Data provided
⟨
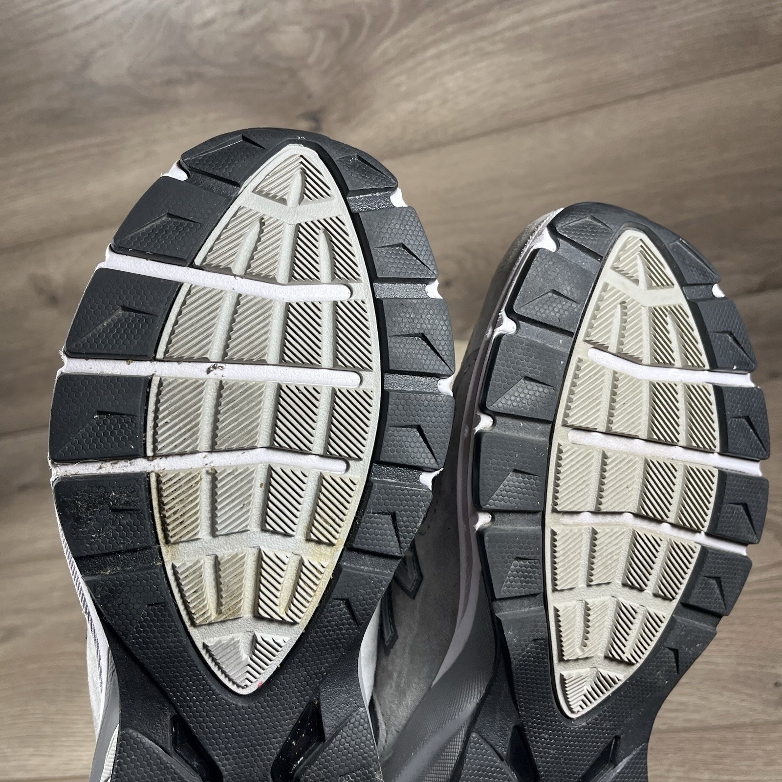 Shoes are in pre owned condition. Some dirt on the uppers from use. Soles show some wear but still have tread left.
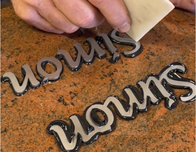 Nun wird die ausgestrahlte Schrift großzügig mit einem elastischen Kleber auf MS-Polymerbasis ausgespritzt.
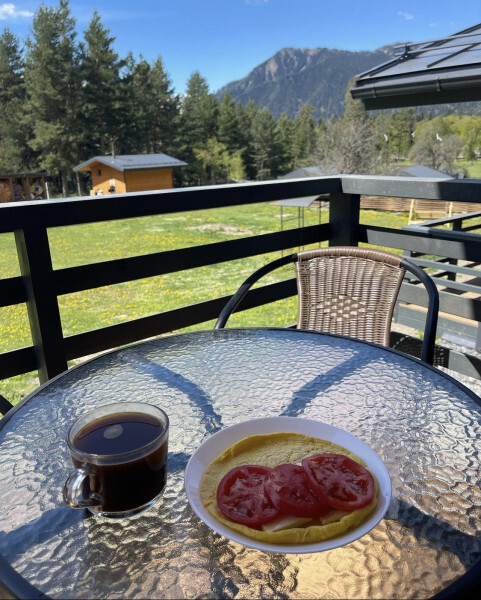 В номере своя мебелированная терраса с потрясающим видом на горы.
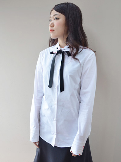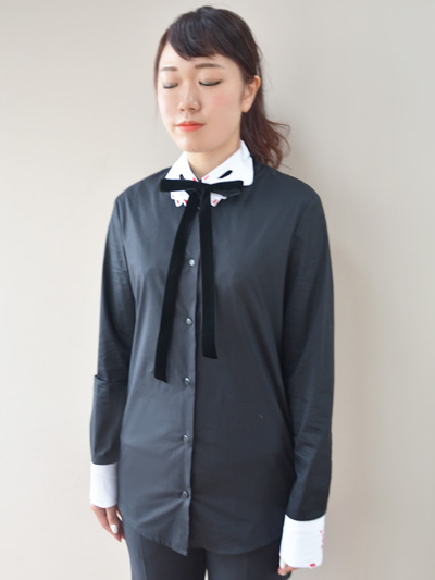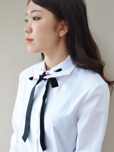 海外の映画に出てきそうな白シャツ×ブラックリボンの配色が個人的に好みです♡
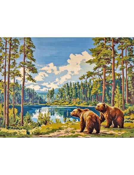 Алмазная мозаика без подрамника «Медведи у озера» 130x100 см
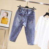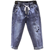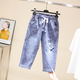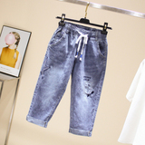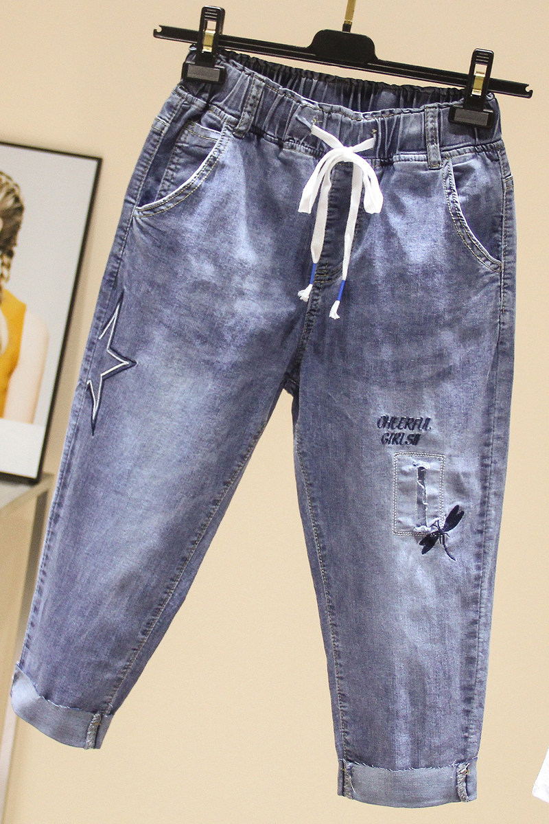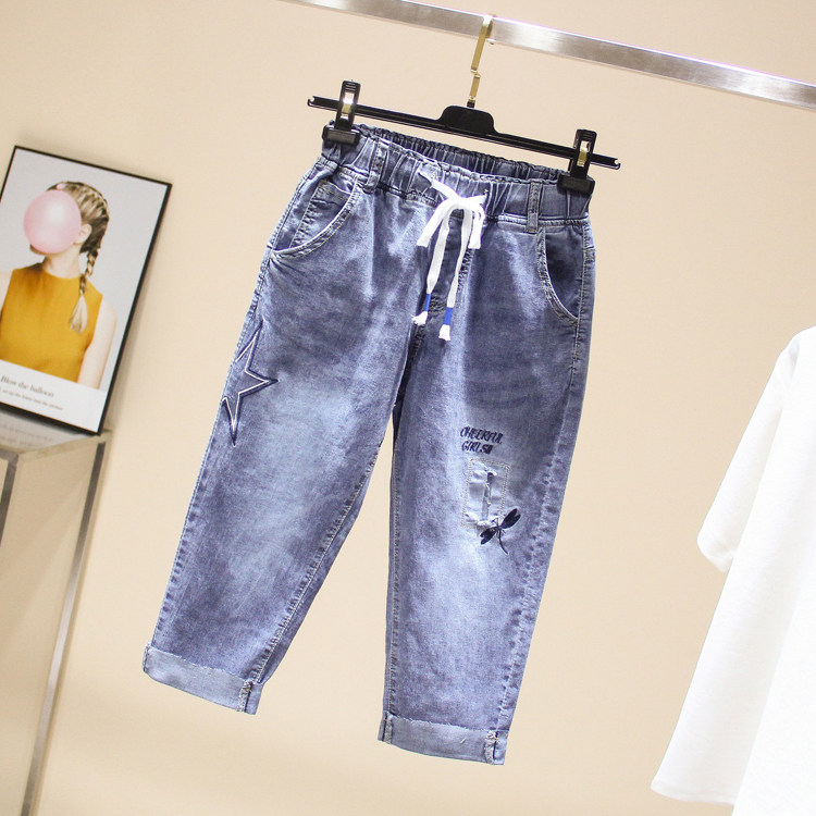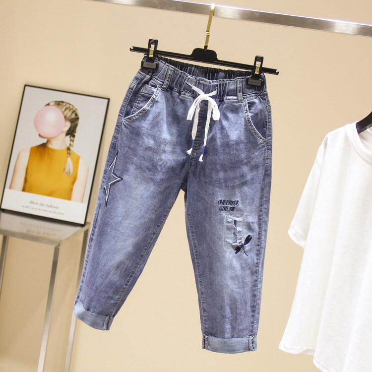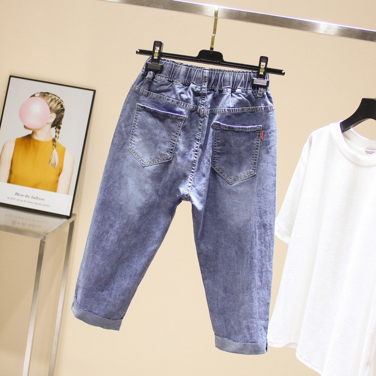 Эластичные джинсовые летние приталенные штаны, большой размер, подходит для полных девушек, высокая талия
⟩
Brief
Exclude the pictures, and output exactly the lines from the one with "海外の映画に出てきそうな白シャツ×ブラックリボンの配色が個人的に好みです♡" through the last line of the records, both included.

Reply
 海外の映画に出てきそうな白シャツ×ブラックリボンの配色が個人的に好みです♡
 Алмазная мозаика без подрамника «Медведи у озера» 130x100 см
 Эластичные джинсовые летние приталенные штаны, большой размер, подходит для полных девушек, высокая талия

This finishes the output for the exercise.